**EXERCISE DETAILS**. Everything from the line with "Lundi 18 novembre" down to the line with "2019年度財政撥款收、支總" below must be printed exactly, those two lines included. Exclude pictures.

**RECORDS SUPPLIED**.
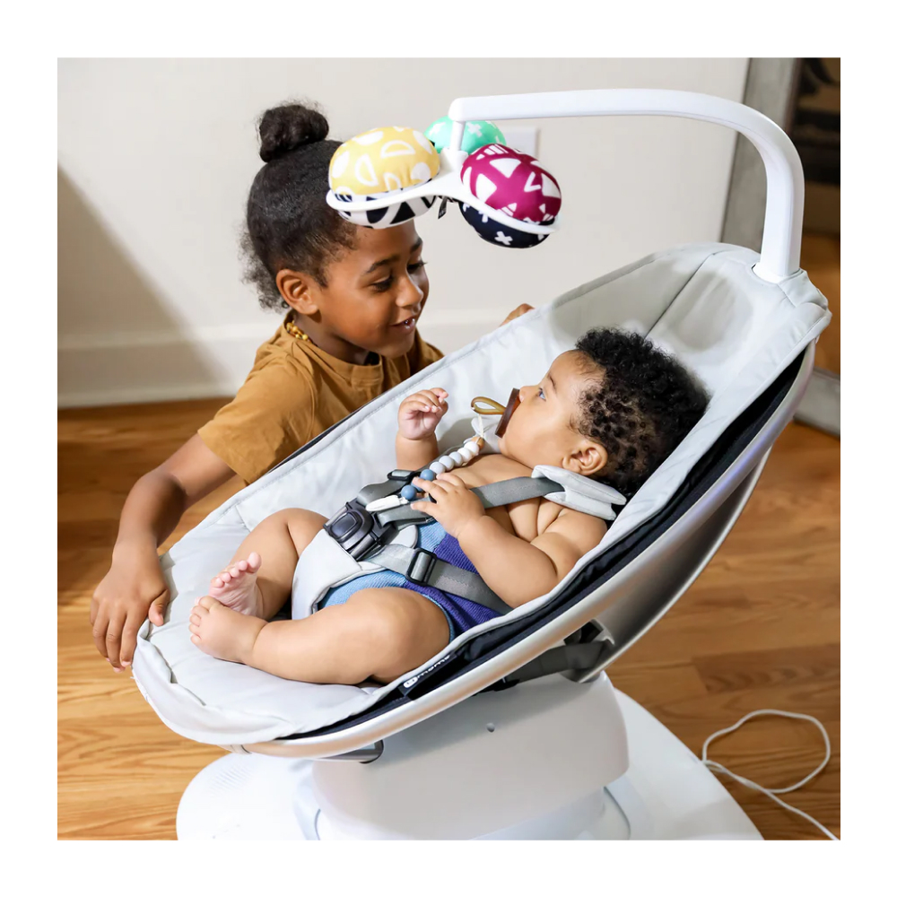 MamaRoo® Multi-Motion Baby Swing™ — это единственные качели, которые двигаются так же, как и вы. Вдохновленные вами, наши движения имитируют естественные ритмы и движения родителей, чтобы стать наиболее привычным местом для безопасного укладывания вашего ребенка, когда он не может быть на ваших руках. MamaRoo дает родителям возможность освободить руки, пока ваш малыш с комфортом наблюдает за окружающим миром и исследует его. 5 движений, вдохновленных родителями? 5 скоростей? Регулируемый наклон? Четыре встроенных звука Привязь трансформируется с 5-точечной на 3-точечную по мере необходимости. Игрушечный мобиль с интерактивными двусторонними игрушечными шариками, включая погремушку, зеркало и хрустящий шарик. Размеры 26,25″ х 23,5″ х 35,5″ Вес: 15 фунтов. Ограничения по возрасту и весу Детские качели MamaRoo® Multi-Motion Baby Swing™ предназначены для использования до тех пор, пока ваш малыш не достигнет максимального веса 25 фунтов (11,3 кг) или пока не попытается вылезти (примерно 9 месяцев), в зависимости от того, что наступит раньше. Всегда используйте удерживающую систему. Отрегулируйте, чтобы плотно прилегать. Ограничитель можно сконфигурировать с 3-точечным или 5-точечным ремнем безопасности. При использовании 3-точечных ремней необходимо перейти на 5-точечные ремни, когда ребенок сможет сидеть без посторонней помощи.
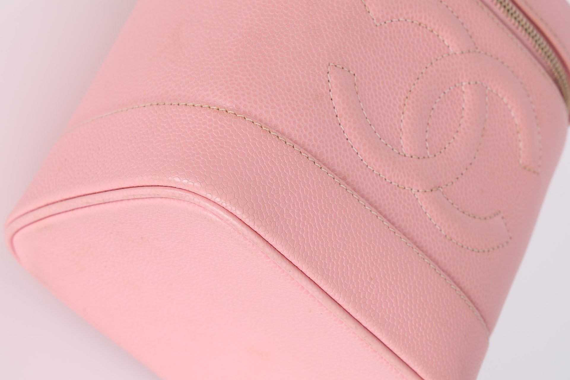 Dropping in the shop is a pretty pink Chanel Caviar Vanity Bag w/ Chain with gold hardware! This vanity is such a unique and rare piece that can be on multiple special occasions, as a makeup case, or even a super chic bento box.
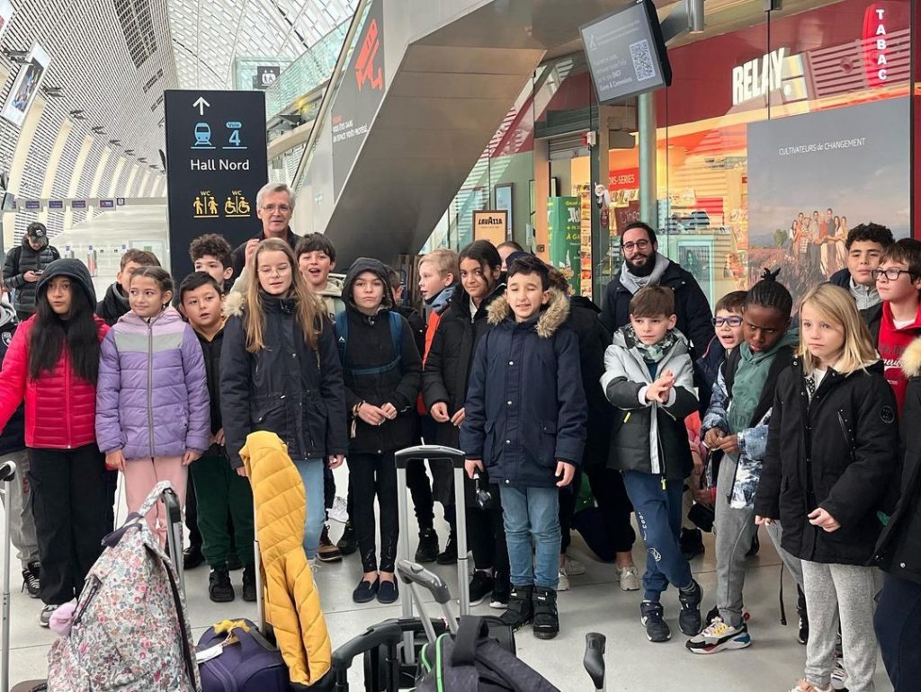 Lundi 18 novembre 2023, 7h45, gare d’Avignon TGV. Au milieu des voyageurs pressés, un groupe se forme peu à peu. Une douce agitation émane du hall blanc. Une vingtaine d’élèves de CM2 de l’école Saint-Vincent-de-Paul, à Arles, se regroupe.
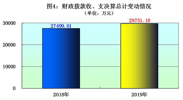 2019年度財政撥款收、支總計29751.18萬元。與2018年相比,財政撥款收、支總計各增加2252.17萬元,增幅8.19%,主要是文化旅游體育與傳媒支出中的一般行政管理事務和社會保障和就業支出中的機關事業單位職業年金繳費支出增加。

* * *

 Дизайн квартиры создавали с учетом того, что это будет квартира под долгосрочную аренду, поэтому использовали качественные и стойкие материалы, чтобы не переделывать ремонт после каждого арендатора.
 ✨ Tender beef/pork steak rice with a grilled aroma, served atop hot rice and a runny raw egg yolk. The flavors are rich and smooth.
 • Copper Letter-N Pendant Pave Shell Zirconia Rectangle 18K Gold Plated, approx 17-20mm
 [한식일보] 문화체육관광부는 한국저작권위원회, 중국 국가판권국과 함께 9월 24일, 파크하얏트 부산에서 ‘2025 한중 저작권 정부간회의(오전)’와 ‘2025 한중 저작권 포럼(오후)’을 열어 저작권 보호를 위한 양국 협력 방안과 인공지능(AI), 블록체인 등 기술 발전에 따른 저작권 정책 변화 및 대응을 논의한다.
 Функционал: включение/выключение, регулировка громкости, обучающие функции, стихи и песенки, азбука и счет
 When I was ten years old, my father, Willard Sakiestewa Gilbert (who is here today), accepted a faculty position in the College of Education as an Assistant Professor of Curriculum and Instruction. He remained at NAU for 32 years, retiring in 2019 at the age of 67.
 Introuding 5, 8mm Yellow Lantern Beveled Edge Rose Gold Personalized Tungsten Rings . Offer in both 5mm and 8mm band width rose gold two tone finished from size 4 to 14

--

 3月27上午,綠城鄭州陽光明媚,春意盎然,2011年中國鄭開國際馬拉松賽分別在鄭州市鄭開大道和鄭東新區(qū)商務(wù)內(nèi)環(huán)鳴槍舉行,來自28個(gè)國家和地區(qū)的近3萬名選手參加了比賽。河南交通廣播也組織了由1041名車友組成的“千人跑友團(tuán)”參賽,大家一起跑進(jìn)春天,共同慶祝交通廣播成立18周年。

**EXERCISE RESPONSE**.
 Lundi 18 novembre 2023, 7h45, gare d’Avignon TGV. Au milieu des voyageurs pressés, un groupe se forme peu à peu. Une douce agitation émane du hall blanc. Une vingtaine d’élèves de CM2 de l’école Saint-Vincent-de-Paul, à Arles, se regroupe.
 2019年度財政撥款收、支總計29751.18萬元。與2018年相比,財政撥款收、支總計各增加2252.17萬元,增幅8.19%,主要是文化旅游體育與傳媒支出中的一般行政管理事務和社會保障和就業支出中的機關事業單位職業年金繳費支出增加。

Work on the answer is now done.